In Juarez v. Northwestern Mutual Life Insurance Co., the Southern District of New York held that plaintiff stated a claim under 42 U.S.C. 1981 for discrimination against aliens without green cards.

Section 1981 prohibits both public and private actors from discriminating on the basis of race or alienage in the making and enforcement of contracts, including employment contracts.

The plaintiff in Juarez – a Mexican national who obtained Deferred Action for Childhood Arrivals (DACA) status – submitted a resume to defendant Northwestern Mutual. Defendant rejected plaintiff, on the ground that applicants must be a U.S. citizen or have a green card.

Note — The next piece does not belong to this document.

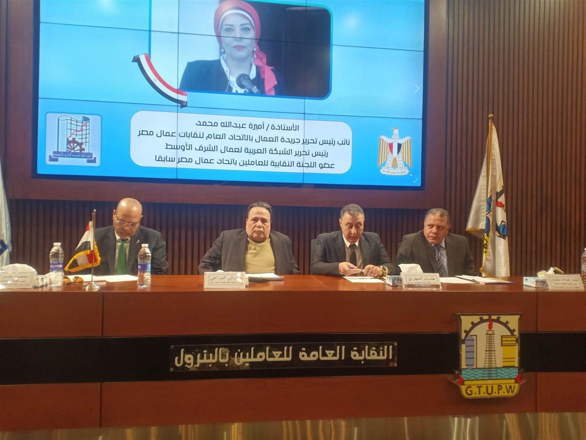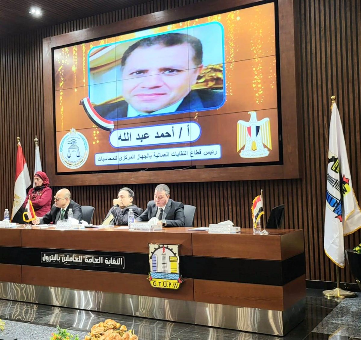 جاء ذلك خلال مؤتمر الجمعية العمومية العادية لنقابة الخدمات الادارية والاجتماعية برئاسة هشام فاروق المهيرى وبحضور جبالى المراغى رئيس الاتحاد العام لنقابات عمال مصر واحمد عبد الله سليمان رئيس قطاع النقابات العمالية بالجهاز المركزى للمجاسبات ومنيرة الاشقر عضو مجلس النواب وعبد الفتاح ابراهيم رئيس نقابة الغزل والنسيج وعبد المنعم الجمل رئيس نقابة البناء والأخشاب وعلى عبد الباسط رئيس نقابة الخدمات الصحية وعبد الفتاح فكرى رئيس نقابة السكة الحديد وابراهيم هيكل رئيس نقابة الاتصالات وعلي عبد الوهاب رئيس نقابة النيابات وسعيد النقيب رئيس نقابة الإنتاج الحربي ومحمد جبران رئيس نقابة البترول ونواب رئيس الاتحاد العام لنقابات عمال مصر وهشام جلال أمين صندوق نقابة الخدمات الادارية وحمدى عرابى نائب رئيس نقابة الخدمات الادارية وهشام عبد اللطيف الامين العام لنقابة الخدمات الاجتماعية وسحر محمود أمينة المرأة وقيادات النقابات العامة واللجان النقابية.

Following his rejection, plaintiff filed a putative class action alleging alienage discrimination in violation of 42 U.S.C. § 1981. He alleged that defendant “advertises its blanket ban against hiring anyone who is not a U.S. citizen or U.S. permanent resident on its website.”

In particular, the specific policy alleged in the complaint is:

Financial representatives must have at least three years of continuous U.S. residency, hold a permanent resident visa and read, write and speak English fluently. A financial representative intern must hold a current student or resident visa, have three years continuous residency or anticipated three years of continuous residency completed upon college graduation, and read, write and speak English fluently.

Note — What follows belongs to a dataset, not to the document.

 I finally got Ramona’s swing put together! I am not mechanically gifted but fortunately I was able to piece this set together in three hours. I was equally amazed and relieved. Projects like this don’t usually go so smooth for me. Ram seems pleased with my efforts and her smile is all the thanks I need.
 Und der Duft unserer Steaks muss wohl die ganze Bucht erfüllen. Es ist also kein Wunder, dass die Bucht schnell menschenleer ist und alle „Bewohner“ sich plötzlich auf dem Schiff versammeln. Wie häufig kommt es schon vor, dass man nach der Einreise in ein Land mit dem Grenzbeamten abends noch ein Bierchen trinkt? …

In denying defendant’s motion to dismiss and holding that plaintiff sufficiently alleged a section 1981 violation, the court reasoned:

The policy alleged in the Complaint – essentially, “Legal aliens without green cards need not apply” – on its face discriminates against a subclass of lawfully present aliens. Juarez’s allegations that he was denied employment pursuant [to] this policy are sufficient to state a claim under § 1981. This conclusion follows directly from three premises, each of which is well supported in the law: (1) § 1981’s protection against discrimination extends to all lawfully present aliens, whether or not they have a green card; (2) a plaintiff need not allege discrimination against all members of a protected class to state a claim under § 1981; and (3) a plaintiff can plead intentional discrimination by alleging that the defendant acted pursuant to a facially discriminatory policy requiring adverse treatment based on a protected trait. …

The protection of § 1981, like that of the Fourteenth Amendment, extends to all lawfully present aliens, whether or not they have a green card. … [D]efendant does not dispute that all lawfully present aliens, including those who do not hold green cards, are protected under § 1981. …

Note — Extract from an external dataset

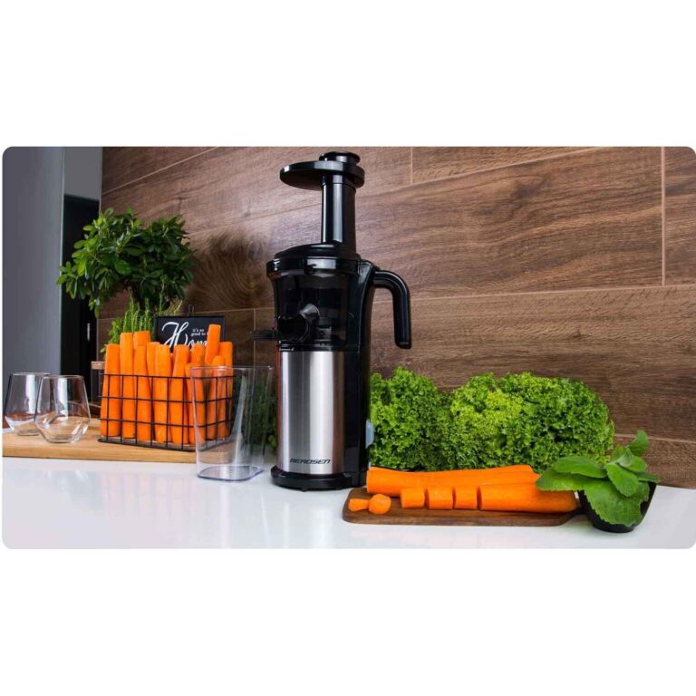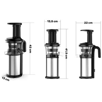 Nizkohitrostni motor s 45 vrtljaji na minuto zagotavlja, da med sočenjem temeljito iztisne sok iz zelenjave, sadja in zelišč.

[W]hile defendant is correct that § 1981 reaches only purposeful discrimination, a plaintiff who alleges a policy that is discriminatory on its face is not required to make any further allegations of discriminatory intent or animus. … One of the ways to plead intentional discrimination is to point to a law or policy that expressly classifies people on the basis of a protected characteristic. … It follows that allegations that Juarez’s application was rejected pursuant to a policy that expressly denies employment to lawfully present aliens without green cards-a protected subclass-suffice to state a claim under § 1981.

The court flatly rejected defendant’s argument that its “willingness to hire some lawfully present aliens renders implausible any allegation of intentional discrimination on the basis of alienage”, reasoning that “one of the ways to engage in purposeful discrimination is to apply a policy that is discriminatory on its face” and that “[f]acial discrimination is discrimination ‘because of’ a protected characteristic.” (Emphasis in original.)